Die 1925 in Zofingen AG geborene Künstlerin, die von 1951 bis 1960 mit Jean Tinguely verheiratet war, befasste sich in den 50er Jahren vorerst mit Kohlezeichnungen, gestickten Bildern und Handpuppen. In Paris, wohin sie 1952 mit Tinguely zusammen hinzog, lernte sie Pontus Hulten, Pierre Restany, Yves Klein, Iris Clert, Niki de Saint-Phalle und Soto kennen.

Schon damals war ihr Thema der verzweifelte Mensch. Nach der Trennung von Tinguely begann sie mit grossformatigen, schwarzweiss dominierten Gemälden: Totentänze, Gerippe, Skelettberge, Köpfe, Schädel, Hände. Die Motivwahl brachte ihr das Etikett "Malerin des Todes" ein.

Und dann die berühmten lebensgrossen Stofffiguren: einzelne Gestalten sowie inszenierte Gruppen mit bis zu 48 Figuren, beispielsweise "La Table", "Groupe 48" oder "Hommage à Amnesty International".

Auch im Umfeld der Pop-Art, des Nouveau Réalisme und der Minimal Art blieb Eva Aeppli ihrer eigenen textilen Kunst treu und bewahrte eine bewundernswerte Eigenständigkeit.

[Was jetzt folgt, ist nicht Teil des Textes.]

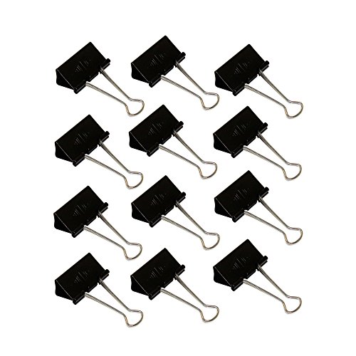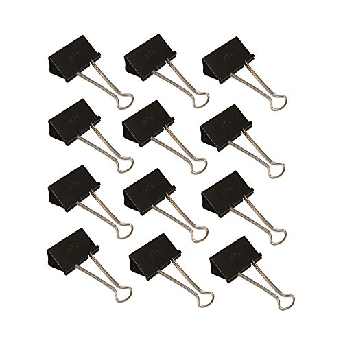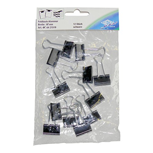 Wedo 6421441 Foldback-klämmor, 12 stycken, lackerad metall avtagbara byglar, stark fjäder, 41 mm, svart/silver

Ihr Anliegen blieb ein eminent humanes: Die Opfer des Faschismus und des Zweiten Weltkriegs im Auge, schuf sie ein "memento mori" von höchst beunruhigender Ausdruckskraft.

Die Wende vom Tod zum Leben

Ab 1975 gewann ihr Werk mit den ausdrucksstarken Bronzeköpfen eine ruhige und lebensbejahende Note. "Waren ihre Werke früher Mahnmale und Bannstücke gegen die Erniedrigung, sind sie heute Botschaften für die Achtung der Menschenwürde", schrieb Konservator André Kamber 1994 im Katalog zur Retrospektive "Eva Aeppli" im Kunstmuseum Solothurn.

Der Zäsur von 1975 war eine tiefe Lebens- und Schaffenskrise vorausgegangen. Unter Anleitung des Astropsychologen Jacques Berthon begann Aeppli sich intensiv mit den Zusammenhängen des Kosmos und dem Sinn menschlicher Existenz zu befassen.

Es entstanden Stoff-Köpfe mit menschlichen Gesichtern, die Aeppli in Bronze giessen liess. Sie schuf ganze Zyklen davon und nannte sie die Gruppen der "Planeten", der "menschlichen Schwächen" und "Sternzeichen".

Werk online abrufbar

Am 2. Mai 1925 in Zofingen AG geboren, wuchs Eva Aeppli in Basel auf. Hier besuchte sie die Rudolf Steiner Schule, an der ihr Vater als Lehrer tätig war. An der Kunstgewerbeschule lernte sie Jean Tinguely kennen, mit dem sie bis zu dessen Tod 1996 verbunden blieb. Seit 1953 lebte die Künstlerin in Frankreich, zunächst in der Nähe von Paris, am Schluss in Honfleur in der Normandie.

Seit 2012 ist ihr Werk online abrufbar. Das von Susanne Gyger erstellte Verzeichnis wurde publiziert vom Schweizerischen Institut für Kunstwissenschaft (SIK-ISEA) in Zürich. Es enthält 422 Nummern mit exakten Angaben zu Titel, Technik, Entstehungsjahr und aktuellem Standort.